Buster Davis

No. 84
- Position: Wide receiver

Personal information
- Born: October 2, 1985 (age 40) New Orleans, Louisiana, U.S.
- Listed height: 6 ft 1 in (1.85 m)
- Listed weight: 210 lb (95 kg)

Career information
- High school: O. Perry Walker (New Orleans)
- College: LSU (2003–2006)
- NFL draft: 2007: 1st round, 30th overall pick

Career history
- San Diego Chargers (2007–2010); Buffalo Bills (2011)*;
- * Offseason and/or practice squad member only

Awards and highlights
- BCS national champion (2003); Second-team All-SEC (2006);

Career NFL statistics
- Receptions: 51
- Receiving yards: 558
- Receiving touchdowns: 2
- Stats at Pro Football Reference

= Craig Davis (American football) =

American football player (born 1985)

Craig "Buster" Davis (born October 2, 1985) is an American former professional football player who was a wide receiver in the National Football League (NFL). He was selected by the San Diego Chargers in the first round of the 2007 NFL draft. He played college football for the LSU Tigers.

==Early life==
Davis was rated the number one wide receiver in Louisiana and a national blue chipper as a senior at O.P. Walker High School. In his final year he caught 82 passes for 1,171 yards and 16 touchdowns leading his school to the 4A state championship game.

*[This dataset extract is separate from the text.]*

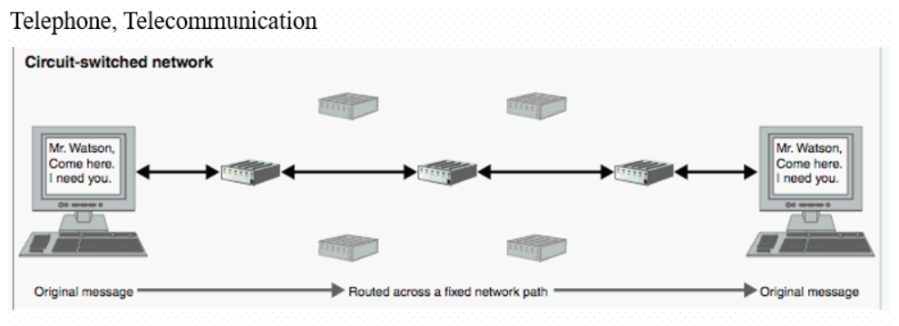 - 통신을 위해 연결을 해야 하며, 연결이 되고 나면 출발지부터 목적지까지 도착하는데 사용하는 회선 전체를 독점하기 때문에 다른 사람이 끼어들 수 없음

He was named an All-American by SuperPrep and ranked the No. 12 wide receiver in the country by Rivals.com. The Orlando Sentinel named Davis as a member of the All-Southern Team. He also made The Times-Picayunes Top 25 Blue-Chip list and Shreveport Times ' Top 20.

==College career==
Davis enrolled in LSU in 2003. He was forced to compete for game time with an extremely talented Tigers receiving corp that helped lead LSU to a BCS National Championship. He caught 7 passes for 63 yards, most of which came in LSU's 49–10 victory over Louisiana Tech.

In Davis' sophomore year the Tigers failed to repeat their success of 2003. In spite of this Davis emerged as the Tigers' receiving leader with 43 catches for 659 yards. He scored his first touchdown in the Tigers 24–7 win over Vanderbilt.

Davis played in 11 of the Tigers games in 2005, starting 5. He ranked third on the team with 35 receptions, for 559 yards and 2 touchdowns. The high point of his season came in the Peach Bowl where he caught 5 passes for 99 yards and a touchdown in a 40–3 win over Miami.

As a senior Davis doubled as a receiver and a punt returner. He finished the year with 56 catches for 834 yards and four touchdowns. He finished his career with four catches for 50 yards in the Sugar Bowl against Notre Dame in his home of New Orleans.

===College statistics===

| Year | Team | Rec | Yards | Average | Long | TDs |
|---|---|---|---|---|---|---|
| 2003 | LSU | 7 | 63 | 9.0 | 17 | 0 |
| 2004 | LSU | 43 | 659 | 15.3 | 42 | 1 |
| 2005 | LSU | 35 | 559 | 16.0 | 51 | 2 |
| 2006 | LSU | 56 | 836 | 14.9 | 47 | 4 |
| College totals |  | 141 | 2117 | 15.0 | 51 | 7 |

==Professional career==

Pre-draft measurables
| Height | Weight | 40-yard dash | 10-yard split | 20-yard split | Broad jump |
| 6 ft 1+3⁄8 in (1.86 m) | 207 lb (94 kg) | 4.41 s | 1.49 s | 2.54 s | 10 ft 1 in (3.07 m) |
All values from NFL Combine/Pro Day

===San Diego Chargers===
Davis was selected by the San Diego Chargers 30th overall at the end of the first round of the 2007 NFL draft.

On July 23, 2007, Davis agreed with the Chargers on a 5-year $11 million contract just before training camp.

If Davis played out the contract, it was worth $7.83 million with about $3.2 million in incentives.

He finished his rookie season playing in 14 games, with one start, making 20 receptions for 188 yards and one touchdown.

During his second season Davis only played in four games due to an injury. He finished the season with four receptions for 59 yards.

Davis was released by the Chargers on July 28, 2011.

===Buffalo Bills===
Davis signed with the Buffalo Bills on August 4, 2011. The Bills cut Davis on September 3, 2011.